I feel like 5% of EA directed funding is a high bar to clear to agree with the statement "“AI welfare should be an EA priority”. I would have maybe pitched for maybe 1% 2% as the "priority" bar, which would still be 10 million dollars a year even under quite conservative assumptions as to what would be considered unrestricted EA funding.
This would mean that across all domains (X-risk, animal welfare, GHD) a theoretical maximum of 20 causes, more realistically maybe 5-15 causes (assuming some causes warrant 10-30% of funding) would be considered EA Priorities. 80,000 hours doesn't have AI welfare in their top 8 causes but it is in their top 16, so I doubt it would clear the "5%" bar, even though they list it under their "Similarly pressing but less developed areas", which feels priorityish to me (perhaos they could share their perspective?)
It could also depend how broadly we characterise causes. Is "Global Health and development" one cause, or are Mosquito nets, deworming and cash transfers all their own causes? I would suspect the latter.
Many people could therefore consider AI welfare an important cause area in their eyes but disagree with the debate statement because they don't think it warrants a large 5%+ of EA funding despite its importance.
Or I could be wrong and many could consider 5% a reasonable or even low bar. Its clearly a subjective question and not the biggest deal but hey :D.
On "AI welfare should be an EA priority," approximately how much EA talent/funding is "unrestricted"?
If, say, only 10% is unrestricted, 5% of that would be 0.5% of all EA talent/funding. The question then would be, roughly: should AI welfare be even a minor/non-trivial EA cause area? If 90% is unrestricted, then a "priority" would be 4.5% of all EA talent/funding = ~ should AI welfare be a considerable EA cause area?
The difference between those statements would influence where I placed on the agree-disagree continuum.

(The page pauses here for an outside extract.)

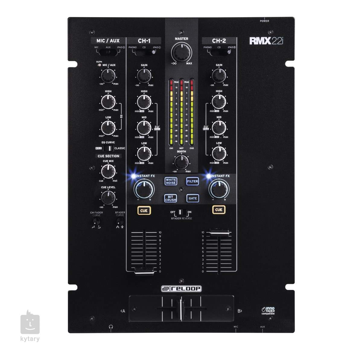 Reloop RMX-22i je kompaktný 2+1-kanálový klubový mixážny pult s digitálnou architektúrou a integrovanými efektmi Instant Sound Colour. Spĺňa rovnaké zvukové štandardy ako vlajková loď spoločnosti Reloop - mixážny pult RMX-80.

My position on "AI welfare"
1. If we achieve existential security and launch the von Neumann probes successfully, we will be able to do >>10^80 operations in expectation. We could tile the universe with hedonium or do acausal trade or something and it's worth >>10^60 happy human lives in expectation. Digital minds are super important.
2. Short-term AI suffering will be small-scale—less than 10^40 FLOP and far from optimized for suffering, even if suffering is incidental—and worth <<10^20 happy human lives (very likely <10^10).
3. 10^20 isn't even a feather in the scales when 10^60 is at stake.
4. "Lock-in" [edit: of "AI welfare" trends on Earth] is very unlikely; potential causes of short-term AI suffering (like training and deploying LLMs) are very different from potential causes of astronomical-scale digital suffering (like tiling the universe with dolorium, the arrangement of matter optimized for suffering). And digital-mind-welfare research doesn't need to happen yet; there will be plenty of subjective time for it before the von Neumann probes' goals are set.
5. Therefore, to a first approximation, we should not trade off existential security for short-term AI welfare, and normal AI safety work is the best way to promote long-term digital-mind-welfare.
[Edit: the questionable part of this is #4.]